A former taxpayer advocate at the Internal Revenue Service called the letter “unbelievable” and said it makes the agency “look like it is the handmaiden of one administration and one party.”

“This will harm the IRS and its ability to appear nonpolitical and nonpartisan,” said Nina Olson, executive director of the Center for Taxpayer Rights. “If I were there, I would be strongly advocating against this.”


The economic recovery law that provided for the stimulus payments requires that a written notice be sent via mail to the last known address of any taxpayer who received one of the stimulus checks. The law says the letter must be sent no later than 15 days after the money has been distributed and must include the payment method, the amount of the payment and an IRS phone number to report any failure to receive such a payment.

The law doesn’t dictate who should send the letter. Asked who decided that the letter would come from Trump, the Treasury Department referred a reporter to Trump's remarks at a news conference on Friday.


Trump’s letter to taxpayers sows further confusion, Olson said, because it arrives in an envelope from the Treasury Department and the IRS. The envelope notes that postage and fees were paid by the IRS.

“Just think of the optics of someone receiving a letter that comes in an IRS envelope, and the first thing they see is the letterhead of the president of the United States,” Olson said. “That immediately puts into people’s minds that the IRS is doing the will of the president of the United States and promoting the president of the United States rather than serving as an impartial broker and administrator of the revenue code.

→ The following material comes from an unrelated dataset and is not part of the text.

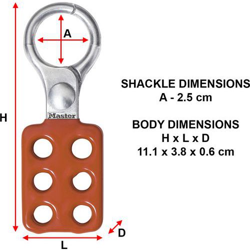 - El gancho de bloqueo de aluminio Master Lock n.º 416 tiene una mordaza interna de 25 mm de diámetro y puede alojar hasta seis candados.

“That will damage the IRS’s reputation, and it will damage the tax system. I don’t care who is the president of the United States. It doesn’t matter.
(bold-face and italic mine...)

So that's it in a nutshell. The law required the letter be sent out. It did NOT require that tRump do it, nor that it appear to be coming from the Oval Office, nor bear his signature. This is bad behavior at best, and a violation of campaign finance law at worst. This shit needs to stop.